§ **THE TASK**
The records that follow are to be given again exactly, with their pictures omitted.

§ **RECORDS SHOWN**
-- Opening Marker --

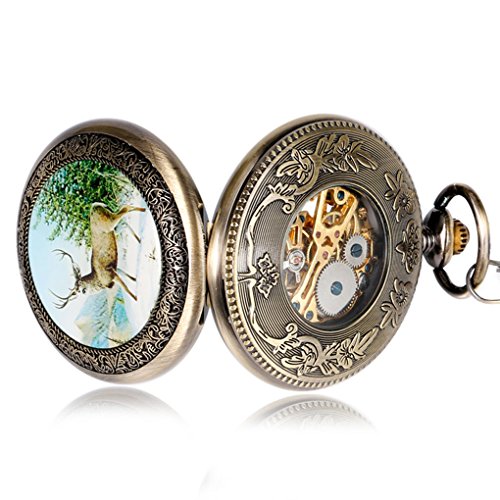 -. Feature : Condition: 100% Brand New High Quality Pocket Watch. / Design: Bronze Elk Dear Pattern Full Hunter Skeleton Hand Winding Mechanical Pocket Watch. / Function: Hand Winding Mechanical, No Need to Use Battery. Twisting the top button about 15-20 arounds, Tightening a walk for 24 hours, Please wind up the watch before use the watch. (Notice: Please do not over winding up the watch if you feel the crown is tight). / Perfect Gift: The Pocket Watch Come with a Gift Bag. The Perfect Gift for Your Family or Friends on Birthday or Christmas Day. / Purchase Guarantee: If You Have Any Dissatisfaction, Please Email to Our After-sale Team, We Will Refund 100% of Your Money, No Question Asked.
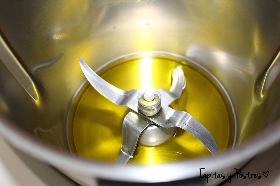 Ponemos el aceite a calentar 3 minutos, varoma y velocidad 1.
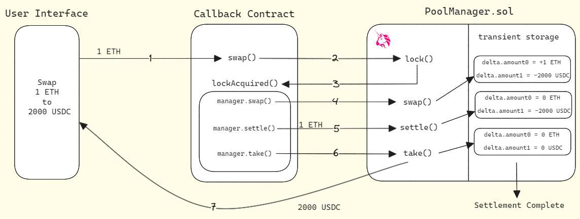 lockAcquired, three functions from the PoolManager contract are called. First, theswapfunction, which stores thedeltavalues resulting from the swap (+1 ETH, -2000 USDC).Next, 1 ETH is sent to the PoolManager contract, and the
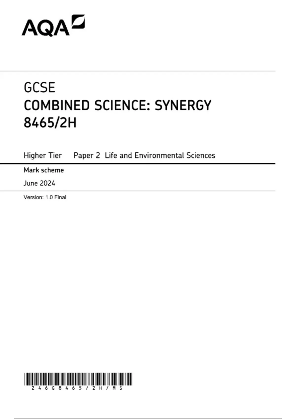 AQA GCSE COMBINED SCIENCE: SYNERGY Higher Tier Paper 2 JUNE 2024 MARK SCHEME
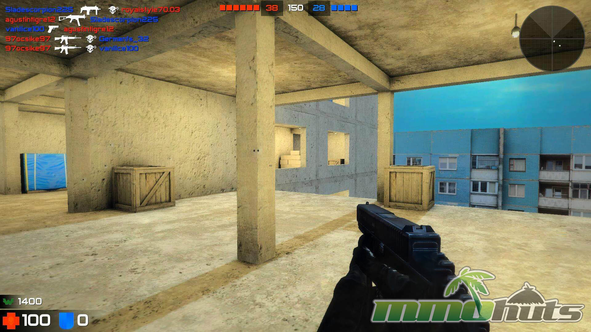 Warmode is focused almost entirely on Team Deathmatch. You join either the Terrorists or Counter-Terrorists and fight across compact maps built around a handful of lanes and intersections. With 16 players funneled into tight corridors, encounters happen constantly, often at point-blank distance, and weapons like shotguns stay relevant on nearly every layout.
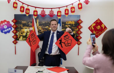 昨日,成都商报-红星新闻记者来到以色列驻成都总领事馆,对潘立文进行专访。辞旧迎新,领事馆的会议室里已经贴上祝贺新春的福字剪纸,桌上备着鹰嘴豆酱、饼等以色列传统食品,以及笔墨与红色的斗方纸。
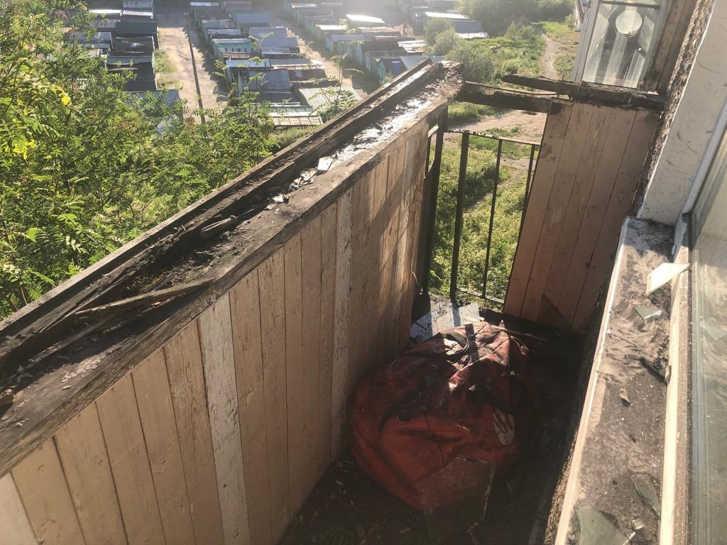 В результате пожара обгорела внутренняя обшивка балкона.
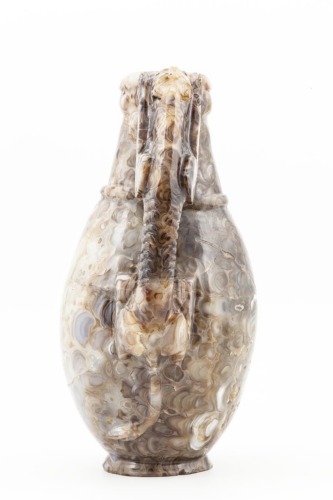 Brocca monoansata, con piatto orlo lievemente svasato, sagomato inferiormente, con cordolo rilevato alla base del collo, corpo ovoide, e piede ad anello. Sull'ansa, impostata tra l'orlo e il ventre, è scolpito un animale accucciato, probabilmente un felino, con i dettagli anatomici molto accurati, in particolar modo gli occhi e le zampe
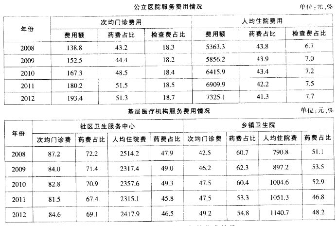 A项,比较表格1第二、四列数据,2010~2012年公立医院次均门诊费用和检查费占比都高于上年,故这二年检查费均高于上年,而2009年次均门诊费用总额与2008年相比增长超过5%、检査费占比与2008年相比下降不到1%,则2009年检查费大于2008年,正确;B项,由表格1倒数--、=列可知,2008~2012年公立医院人均住院费用和检查费占比均逐年上升,故检查费也逐年上升,正确;C项,由表格2第二行可知,2008年社区卫生服务中心的人均住院费是乡镇卫生院的2514.2÷790.8≈2500÷800=3.x倍,正确。可直接选择D。验证D项:由表格2第四、五列可知,2011年社区卫生服务中心人均住院费及药费占比均最小,故药费也最少,为2315.1x45.8%;2008年、2010年药费分别大于2012年、2009年;2008年与2010年相比,2010年人均住院费比2008年下降超过5%、药费占比增长不到5%,故2008年药费最多。所求费用之差为2514.2x47.9%-2315.1x45.8%=2514.2x(45.8%+2.1%)-2315.1x45.8%>2500x2%+180x40%=50+72>100,D错误。
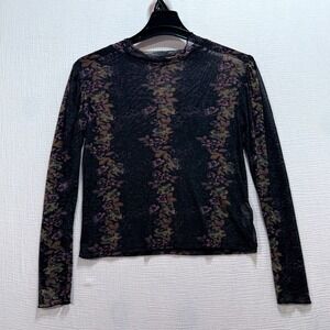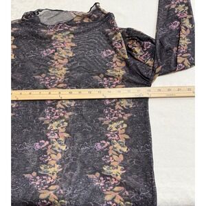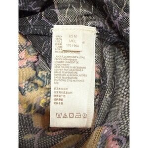 Free People Amber Womens Top M Sheer Black Brown Floral Mock Neck Long Sleeves
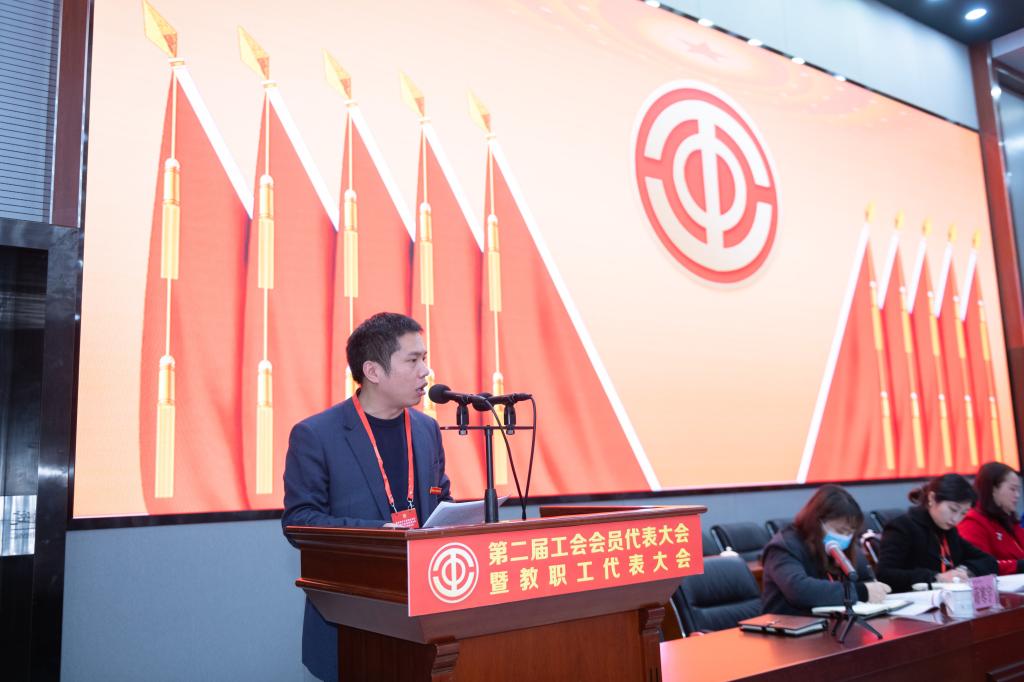 副校长、工会主席谢义华向大会作了第一届工会教代会工作报告。报告以“凝心聚力,和谐共进,团结带领广大教职工为实现学校教育事业高质量发展建功立业”为主题,从工会教代会履行教育职能、维护职能、参与职能、建设职能、加强自身建设等五个方面回顾了第一届工会教代会的工作和取得的成就;从坚持党对工会教代会工作的领导、发挥桥梁纽带作用、为实现“重电梦”而奋斗、高举维权服务旗帜、坚持改革创新与时俱进等角度总结了第一届工会教代会工作积累的宝贵经验;并对今后工会教代会工作进行了展望。
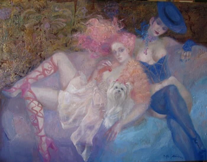 La temática de sus pinturas básicamente es la imagen de mujeres ostentosas y semidesnudas.
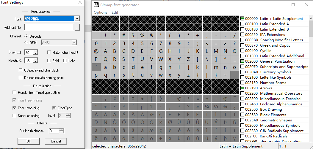 搜资料+回想,才想起是要一个叫bitmap font的第三方工具导出字符集图片+数据文件。
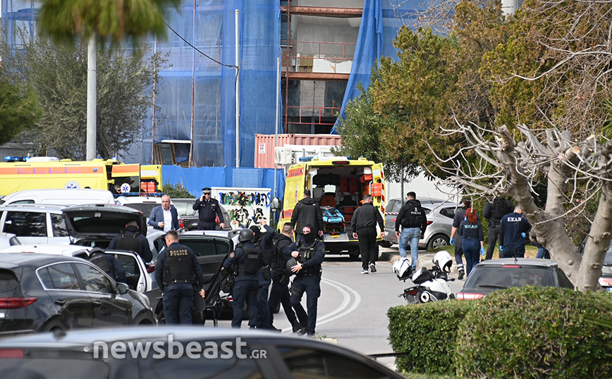 Προηγήθηκε η επιχείρηση της αστυνομίας στη ναυτιλιακή εταιρεία στη Γλυφάδα, στη συμβολή των οδών Αρτεμισίου και Φλέμινγκ, για τη σύλληψη του δράστη που εισέβαλε οπλισμένος το πρωί στο κτίριο πυροβολώντας.
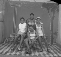 Woman from Babete standing with her children in white on the steps of the Catholic Mission church in Mbouda. Format of original: 59mm x 59mm plastic negative
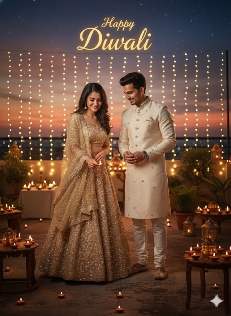 4K ultra-cinematic portrait of a young Indian couple standing together on a rooftop at the magical transition from day to night. The woman, dressed in a shimmering gold and silver lehenga, smiles gracefully as she lights rooftop diyas. The man stands beside her, admiringly dressed in an elegant traditional sherwani, both glowing in the warm flicker of diya lights. The rooftop is beautifully decorated with diyas and festive lanterns, with a creamy bokeh background of lamps and flare lights, adding a rich, dramatic, and cinematic atmosphere. Soft golden lighting highlights their faces, giving a dreamy festive vibe.
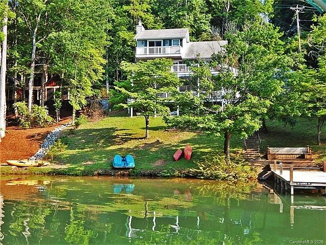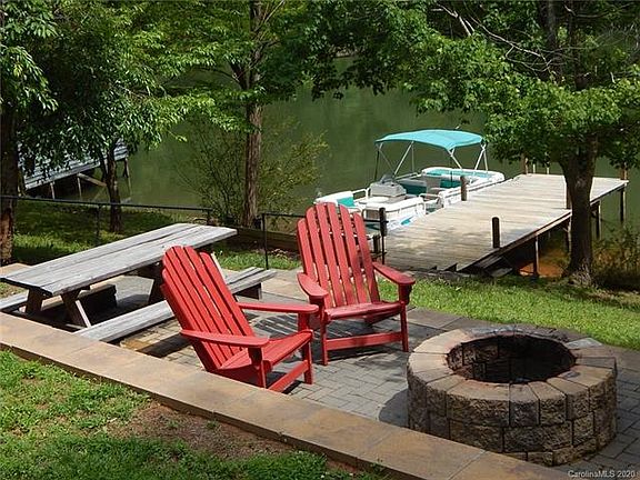 Great vacation rental property available on a wide cove on beautiful Lake Lure. This well maintained 4 bedroom, 3.5 bath home is set up to entertain! From the open concept main living area to the family/rec room on the lower level, all three floors have beautiful stone gas log fireplaces, including one in one of the two master suites. The bunk room downstairs houses 6 bunk beds - perfect for slumber parties! There is plenty of decking as well as a screened porch overlooking the lake. Take the gently sloping walk down to the large dock and fire pit area to enjoy all the lake activities. Offered turnkey. Conveniently located just minutes from multiple restaurants, a grocery store and downtown Lake Lure. Rated 5-stars with a solid rental history and excellent income potential! By appointment only.
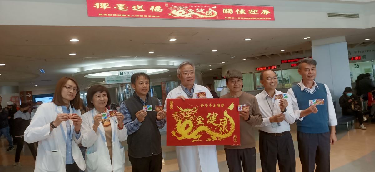 黃順賢院長表示,2024年是象徵吉祥的金龍年,也是柳營奇美醫院邁向20周年的重要里程碑,「走入社區,深耕在地」一直是本院發展的目標與方向,因此我們積極推動溪北地區各鄉鎮的衛教講座、社區健康營造、疾病篩檢、健康檢查等,逐步提升民眾自我健康管理的能力,以及養成良好的生活習慣。此次關懷活動,是本院首次以生肖龍年發行金龍悠遊卡,係由吳福山老師繪製以龍為主體的「龍金健康」圖騰,除了取台語諧音祈祝大家身體健康的含意之外,也可用來搭乘大眾運輸工具、買東西及支付復健療程部分負擔費,落實節能減碳及綠色環保的理念,具有結合創意名家墨寶與實用紀念價值。
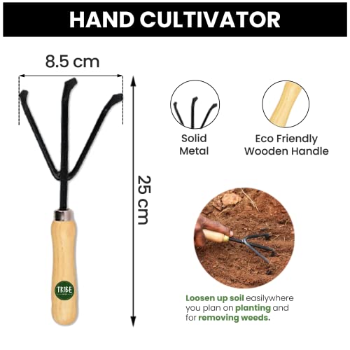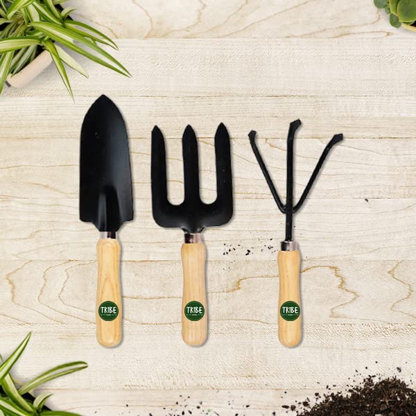 Tribe Made Gardening Tools kit for Home Garden Set (Transplanter. Small Trowel, Hand Fork, Big Hand Trowel, Hand Cultivator, Hand Weeder, Hand Weeder, Pruner) (Tool kit (3 in 1 Combo))

-- Closing Marker --

§ **RESULT**
 -. Feature : Condition: 100% Brand New High Quality Pocket Watch. / Design: Bronze Elk Dear Pattern Full Hunter Skeleton Hand Winding Mechanical Pocket Watch. / Function: Hand Winding Mechanical, No Need to Use Battery. Twisting the top button about 15-20 arounds, Tightening a walk for 24 hours, Please wind up the watch before use the watch. (Notice: Please do not over winding up the watch if you feel the crown is tight). / Perfect Gift: The Pocket Watch Come with a Gift Bag. The Perfect Gift for Your Family or Friends on Birthday or Christmas Day. / Purchase Guarantee: If You Have Any Dissatisfaction, Please Email to Our After-sale Team, We Will Refund 100% of Your Money, No Question Asked.
 Ponemos el aceite a calentar 3 minutos, varoma y velocidad 1.
 lockAcquired, three functions from the PoolManager contract are called. First, theswapfunction, which stores thedeltavalues resulting from the swap (+1 ETH, -2000 USDC).Next, 1 ETH is sent to the PoolManager contract, and the
 AQA GCSE COMBINED SCIENCE: SYNERGY Higher Tier Paper 2 JUNE 2024 MARK SCHEME
 Warmode is focused almost entirely on Team Deathmatch. You join either the Terrorists or Counter-Terrorists and fight across compact maps built around a handful of lanes and intersections. With 16 players funneled into tight corridors, encounters happen constantly, often at point-blank distance, and weapons like shotguns stay relevant on nearly every layout.
 昨日,成都商报-红星新闻记者来到以色列驻成都总领事馆,对潘立文进行专访。辞旧迎新,领事馆的会议室里已经贴上祝贺新春的福字剪纸,桌上备着鹰嘴豆酱、饼等以色列传统食品,以及笔墨与红色的斗方纸。
 В результате пожара обгорела внутренняя обшивка балкона.
 Brocca monoansata, con piatto orlo lievemente svasato, sagomato inferiormente, con cordolo rilevato alla base del collo, corpo ovoide, e piede ad anello. Sull'ansa, impostata tra l'orlo e il ventre, è scolpito un animale accucciato, probabilmente un felino, con i dettagli anatomici molto accurati, in particolar modo gli occhi e le zampe
 A项,比较表格1第二、四列数据,2010~2012年公立医院次均门诊费用和检查费占比都高于上年,故这二年检查费均高于上年,而2009年次均门诊费用总额与2008年相比增长超过5%、检査费占比与2008年相比下降不到1%,则2009年检查费大于2008年,正确;B项,由表格1倒数--、=列可知,2008~2012年公立医院人均住院费用和检查费占比均逐年上升,故检查费也逐年上升,正确;C项,由表格2第二行可知,2008年社区卫生服务中心的人均住院费是乡镇卫生院的2514.2÷790.8≈2500÷800=3.x倍,正确。可直接选择D。验证D项:由表格2第四、五列可知,2011年社区卫生服务中心人均住院费及药费占比均最小,故药费也最少,为2315.1x45.8%;2008年、2010年药费分别大于2012年、2009年;2008年与2010年相比,2010年人均住院费比2008年下降超过5%、药费占比增长不到5%,故2008年药费最多。所求费用之差为2514.2x47.9%-2315.1x45.8%=2514.2x(45.8%+2.1%)-2315.1x45.8%>2500x2%+180x40%=50+72>100,D错误。
 Free People Amber Womens Top M Sheer Black Brown Floral Mock Neck Long Sleeves
 副校长、工会主席谢义华向大会作了第一届工会教代会工作报告。报告以“凝心聚力,和谐共进,团结带领广大教职工为实现学校教育事业高质量发展建功立业”为主题,从工会教代会履行教育职能、维护职能、参与职能、建设职能、加强自身建设等五个方面回顾了第一届工会教代会的工作和取得的成就;从坚持党对工会教代会工作的领导、发挥桥梁纽带作用、为实现“重电梦”而奋斗、高举维权服务旗帜、坚持改革创新与时俱进等角度总结了第一届工会教代会工作积累的宝贵经验;并对今后工会教代会工作进行了展望。
 La temática de sus pinturas básicamente es la imagen de mujeres ostentosas y semidesnudas.
 搜资料+回想,才想起是要一个叫bitmap font的第三方工具导出字符集图片+数据文件。
 Προηγήθηκε η επιχείρηση της αστυνομίας στη ναυτιλιακή εταιρεία στη Γλυφάδα, στη συμβολή των οδών Αρτεμισίου και Φλέμινγκ, για τη σύλληψη του δράστη που εισέβαλε οπλισμένος το πρωί στο κτίριο πυροβολώντας.
 Woman from Babete standing with her children in white on the steps of the Catholic Mission church in Mbouda. Format of original: 59mm x 59mm plastic negative
 4K ultra-cinematic portrait of a young Indian couple standing together on a rooftop at the magical transition from day to night. The woman, dressed in a shimmering gold and silver lehenga, smiles gracefully as she lights rooftop diyas. The man stands beside her, admiringly dressed in an elegant traditional sherwani, both glowing in the warm flicker of diya lights. The rooftop is beautifully decorated with diyas and festive lanterns, with a creamy bokeh background of lamps and flare lights, adding a rich, dramatic, and cinematic atmosphere. Soft golden lighting highlights their faces, giving a dreamy festive vibe.
 Great vacation rental property available on a wide cove on beautiful Lake Lure. This well maintained 4 bedroom, 3.5 bath home is set up to entertain! From the open concept main living area to the family/rec room on the lower level, all three floors have beautiful stone gas log fireplaces, including one in one of the two master suites. The bunk room downstairs houses 6 bunk beds - perfect for slumber parties! There is plenty of decking as well as a screened porch overlooking the lake. Take the gently sloping walk down to the large dock and fire pit area to enjoy all the lake activities. Offered turnkey. Conveniently located just minutes from multiple restaurants, a grocery store and downtown Lake Lure. Rated 5-stars with a solid rental history and excellent income potential! By appointment only.
 黃順賢院長表示,2024年是象徵吉祥的金龍年,也是柳營奇美醫院邁向20周年的重要里程碑,「走入社區,深耕在地」一直是本院發展的目標與方向,因此我們積極推動溪北地區各鄉鎮的衛教講座、社區健康營造、疾病篩檢、健康檢查等,逐步提升民眾自我健康管理的能力,以及養成良好的生活習慣。此次關懷活動,是本院首次以生肖龍年發行金龍悠遊卡,係由吳福山老師繪製以龍為主體的「龍金健康」圖騰,除了取台語諧音祈祝大家身體健康的含意之外,也可用來搭乘大眾運輸工具、買東西及支付復健療程部分負擔費,落實節能減碳及綠色環保的理念,具有結合創意名家墨寶與實用紀念價值。
 Tribe Made Gardening Tools kit for Home Garden Set (Transplanter. Small Trowel, Hand Fork, Big Hand Trowel, Hand Cultivator, Hand Weeder, Hand Weeder, Pruner) (Tool kit (3 in 1 Combo))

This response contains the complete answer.